Dreams give way to goals at a surprisingly young age today. For Caroline Smith, a young girl who has a passion for fashion design, it was a teacher’s encouragement and parents providing a clear path that gave her an opportunity to set her dreams in motion. A junior at Matoaca High School, she earned top honors at the Virginia Museum of Fine Arts’ (VMFA) Teen Stylin’ 2010: Transformation project. The aspiring designer brought home Best in Show during last week’s runway exhibition of wearable designs inspired by works of art on display in the museum.
The event was held in the Cochrane Atrium and Marble Hall at the museum. Savannah Cherry, a friend who modeled Smith’s wearable art, won in the Best Model category. Smith competed among 41 young designers from area middle and high schools who live within a 30-mile radius of the museum. Winning designers in five categories won a two-day trip to New York City and will have their wearable art on display at the museum until Jan. 21.
“I didn’t expect to win,” said Caroline. “I really thought Clayton Hall from Thomas Dale would win; he’s amazing.” Also representing the Village News’ readership area was Dichelle Jordan from Salem Church Middle School.
Caroline’s nominating teacher was Jennifer Myer. “We are so excited, this is huge for Caroline, her family, but it is also a big win for all of us here at Matoaca in the art department,” Myer said. “We have an incredible group of artists here right now. They are all going on to big things in the art world.”
Myer hadn’t taught Caroline before the nomination, but was familiar with her work.
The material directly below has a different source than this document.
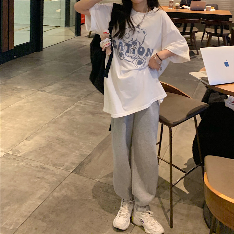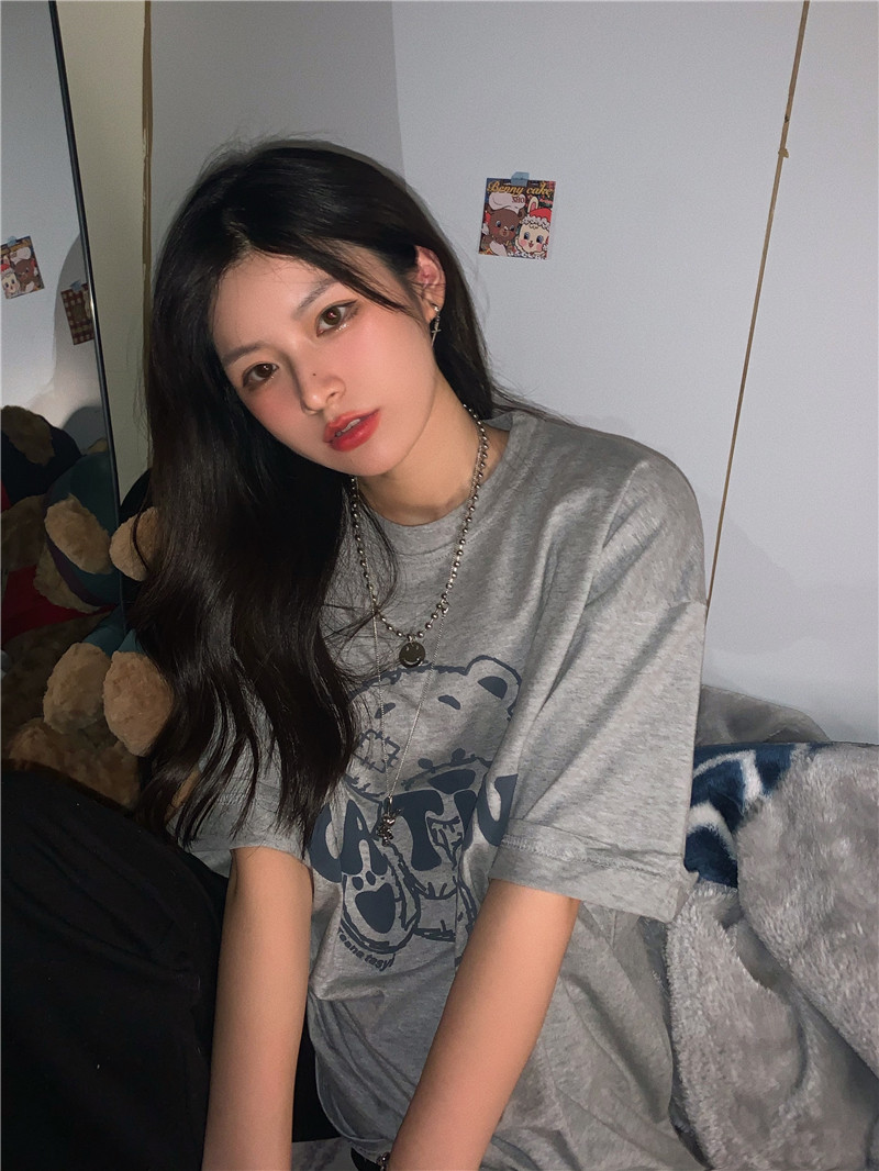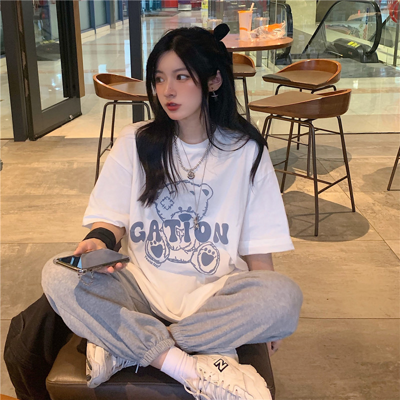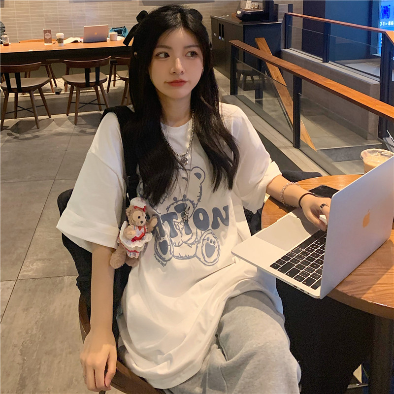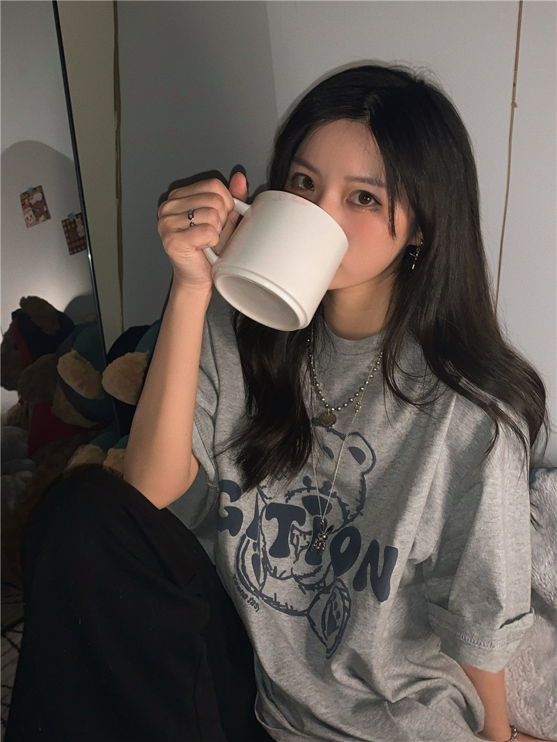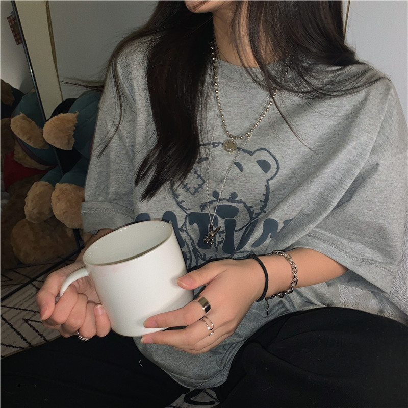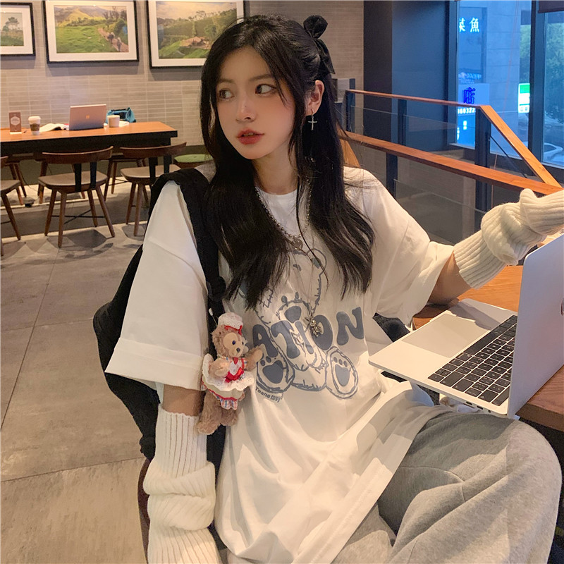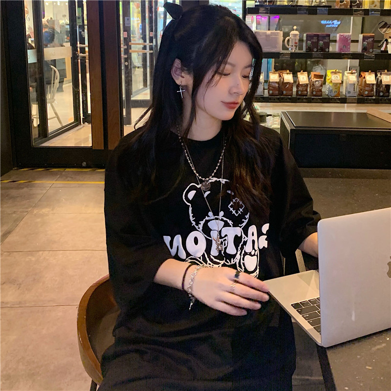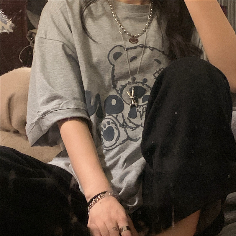 发泡小熊短袖T恤女韩版宽松上衣百搭减龄宽松短袖T恤上衣女

“I thought this competition sounded like it was designed for her,” she said. “She has an incredible sketchbook with tons of project ideas and she’s really interested in the figure and developing that part of her work.”
Caroline’s wearable art creation was inspired by an Asian sculpture on display at the museum, Yamataka - Defender of Death. Caroline said she had never been a fan of Asian art.
“I love European art and the classics, but I had never been into Asian art,” she said. “I had a tough time coming up with what I wanted to do with it. Also, picking the materials I wanted.”
The contestants’ main objective was to use alternative fashion materials to create their work of wearable art. With the clothing workshops starting in November and culminating in a runway show in mid-December, Caroline, an AP student, was also under pressure with semester finals. “I didn’t come up with my final design until a week-and-a-half before the show,” she said. “I felt a lot of pressure.”
She interpreted the Yamataka as a warrior, “Powerful, mean, the defender of death.” Her final work included rat wire and corkboard for shoulder pads, faux leather for cover, Tyvek for leggings, plastic paint trays for armor and coffee filters for the skirt. Materials were provided by the workshops, but it was a walk through the hardware store that completed Smith’s design.
A jacket she had in middle school served as the base of the design. Fabric paint, rubber cement and the aid of her parents cutting several hundred coffee filters were a “life-saver.”
Designing each section as its own piece with several late night hours, Caroline said, “You hate your life when you are doing it and then it all comes together,” as she looked up and spread her arms out, “you say thank you.”
The Creative Clothing Workshops, led by VMFA staff, provide students with guidance and assistance in using a variety of alternative fashion materials to create one-of-a-kind works of wearable art. Along with Best in Show and Best Model, additional awards given were Best Use of Alternative Materials, Most Wearable, Best Use of Creative Construction and Best Interpretation of a Work of Art.
Caroline said she taught herself how to sew. She remembers doing paper dresses in the third grade for her Barbie dolls. Her parents gave her a sewing machine for a birthday present when she was in the seventh grade and she couldn’t understand why. It was when she was in the eighth grade that she finally realized why.
She made her first skirt without a pattern. Even though she was helped to use a pattern by her neighbor, Mrs. Peterson, she continues to design by making her own patterns out of muslin cloth. During her sophomore year, Caroline sold her first line of skirts to a boutique in Carytown. The boutique, Heidi Story, is where she also took sewing lessons.
Her parents, Barbara and Steve Smith, are very excited and supportive of her passion.
“I think it is absolutely fantastic,” Barbara said of Caroline’s win. “She puts a lot of pressure on herself, but I knew she would pull it together.” Barbara Smith said the snow the area received in December, which postponed the event, allowed the young designers to enjoy the show in January.
“With the show being during exam week her [Caroline] first priorities are her academics. The snowfall was a gift,” Barbara said. “They really were able to enjoy the show last week because they weren’t on crunch time. All the pieces were much more finished.”
Smith’s focus now is to put together a good portfolio to submit to a design school for acceptance. Her dream school is Parsons School of Design, but she listed several others that would work, including Virginia Commonwealth University, which she said is the No. 1 public art school in the country.